Кёдолаи, двигаясь от рисунка к рисунку, перешел к книжной полке.
– Кто бы сомневался! – он вытянул толстый антикварный том Брэма Стокера. – Любимые книги? Энн Райс вся?
– У меня есть и кое-что из твоей библиотеки, – сказала Янина, глядя в стол. – Я многое вывезла из замка.
– Ты хозяйственная, – похвалил князь, поставил книгу на место и вернулся в кресло. – И даже научилась держать вещи в порядке. Я же говорил, смерть тебе пошла только на пользу. Но меня больше интересует другой твой трофей. Что сталось с моим племянником, ваше сиятельство?
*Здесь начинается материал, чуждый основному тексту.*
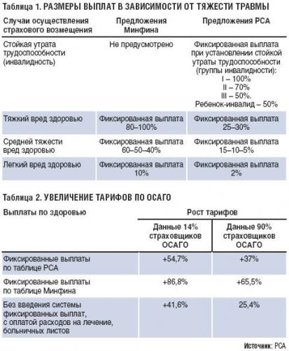Алексей Кудрин также предлагает такое нововведение, как фиксированные выплаты по факту травмы, а также возмещение расходов на лечение, превышающих фиксированную выплату. Но РСА и Минфин разошлись во взглядах на объем выплат в зависимости от вида травмы (см. таблицу 1 на с. 8). Например, за тяжкий вред здоровью Минфин считает необходимым выплачивать от 80 до 100% фиксированной суммы, а РСА всего 25—30%. Зато страховщики предлагают ввести компенсации за различные группы инвалидности, чего нет в предложениях министерства.
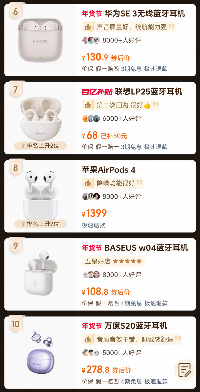 TOP8 Apple AirPods 4:1399 元参考价的 “旗舰入门款”,排名上升 2 位,近 30 天 8000 + 好评,简约设计搭配流畅生态体验,成为颜值党、苹果用户的心头好。
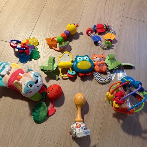 Fisher-Price barnleketøy aktivitetsleke med fargerike figurer, inkludert dyr og blomster. Designet for å stimulere barnets sanser og motoriske ferdigheter gjennom lek. Laget av plast og stoffmaterialer, egnet for små barn.
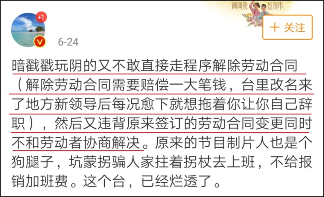 在另外一則微博中,博主稱自己與電視台簽了無固定期的合同,也為電視台工作了9年。

– Он умер в год, когда убили императрицу Елизавету, – медленно ответила Янина. – Я была с ним до конца.
– И ты допустила?..
– Он так хотел. Он прожил приличный срок, и, пожалуй, нам было хорошо вместе. Может быть, именно потому, что настоящей любви между нами не было, и мы оба просто искали защиты от одиночества. Я не всегда была с ним, я не могла лишать его того, что сама была дать не в состоянии. У него были женщины. Еще бы, твоя кровь… У него был сын. Он погиб в Первую мировую…
– Еще один! – простонал князь.
– Да, еще один солдат, видимо, это тоже у вас в крови. Но внуков у Альби не было, так что род Кёдолаи все-таки пресекся, хоть и не на нас. Линия Франца тоже заглохла – я проверяла.
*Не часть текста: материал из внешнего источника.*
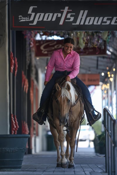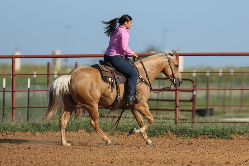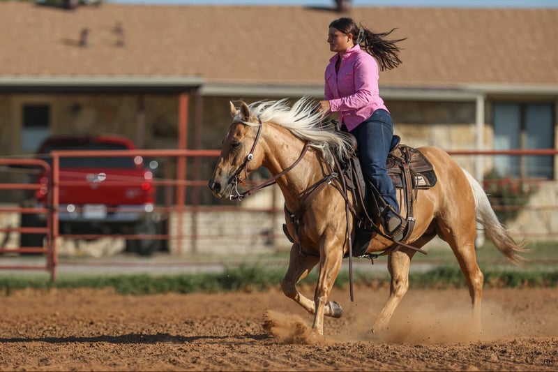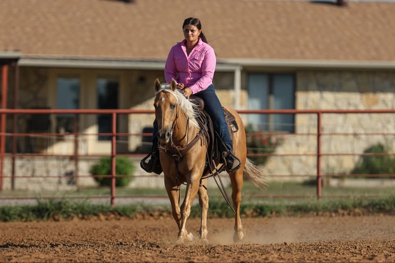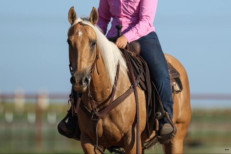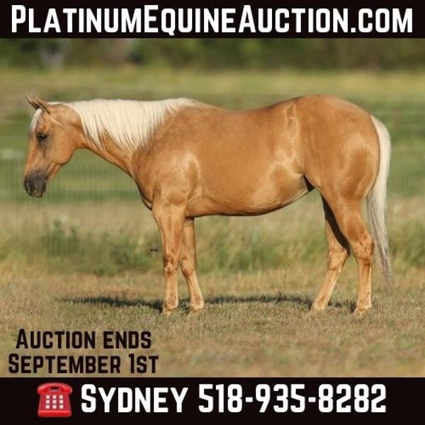 ONLINE AUCTION Place your bids at www.PlatinumEquineAuction.com Starting Bid $3500 Auction ends September 1st, 2024 Need a new saddle? Check out White Rock Saddles on our website or Facebook! Brandi has the looks, athleticism, and honest mind that everyone is looking for. Standing at 14.1HH she is small in height but built like a brick house. Brandi is a Registered Quarter Horse mare that will bring attention to any crowd. I personally like to call her my “Barbie Dream Horse”. She is a stunning Golden Palomino color with a pretty mane and tail that will certainly get you noticed. Brandi not only has the looks but she is so BROKE too. Brandi primarily has a reining background which shows in how well she moves off your seat and legs. Just check out her bridless work, she was absolutely incredible! Brandi walk, trot, lopes nicely in both directions on a loose rein. She picks up both leads at a lope and will give you a slow jog if asked. Brandi has an incredible stop and a nice turn around. She softens to the bit very nicely and you can move any part of her body when you wish with just leg or seat pressure. She is very athletic and could have a career in something like ranch versatility or breakaway roping but could easily become someone’s favorite weekend trail mount as well. The opportunities with this mare are almost endless because of her excellent foundation and kind, honest mind. Brandi has been seen recently by my dentist, chiropractor, and farrier and was an excellent citizen for all. Brandi ties nicely at the barn or the trailer to be groomed, saddled, and bathed. She is okay with being pulled away from the herd to be saddled and rode alone or is okay in a group as well. She trailers quietly and will even be sent on the trailer with just a point of your hand, and backs off automatically. Brandi has no vices in or out of her stall. She is such a nice mare to be around and isn’t marish at all. Brandi has the grit and drive that so many people love about mares but has the willingness to just listen to what’s asked of her like a gelding. For more information or questions about this gorgeous mare please contact Sydney with SRS Training and Sales at (518) 935-8282. Brandi is located in Granbury, TX and I’ll be happy to help arrange shipping anywhere in the US. ONLINE AUCTION Place your bids at www.PlatinumEquineAuction.com Starting Bid $3500 Auction ends September 1st, 2024 Need a new saddle? Check out White Rock Saddles on our website or Facebook!

– Вот так, – мрачно подытожил князь.
Некоторое время оба молчали.
– Перед самой смертью, – произнесла Янина, всё так же глядя в стол. – Он сыграл мне твой чардаш. Он часто играл мне, но эту мелодию – только один раз. Ему уже тяжело было играть, и всё же… Он знал, что значит для меня эта музыка и, наверно, простил меня… нас, – она исподлобья взглянула на Кёдолаи, но тот сосредоточенно изучал запонку на пустой манжете.
– А что тот ликантроп? – поинтересовался он. – Ты его больше не видела? Любопытно…
– Уилберт выручил меня в ту ночь, – ответила Янина. – Когда на нас с Арпадом напали волки, он прогнал их. Вся стая будто бы признала его силу, и Уилберт вывел нас из лощины, где мы потерялись. А потом… Потом он вернулся домой, издал свою статью, я еще передала ему иллюстрации…
– Прославился и разбогател? – скривился Кёдолаи. – За мой счет.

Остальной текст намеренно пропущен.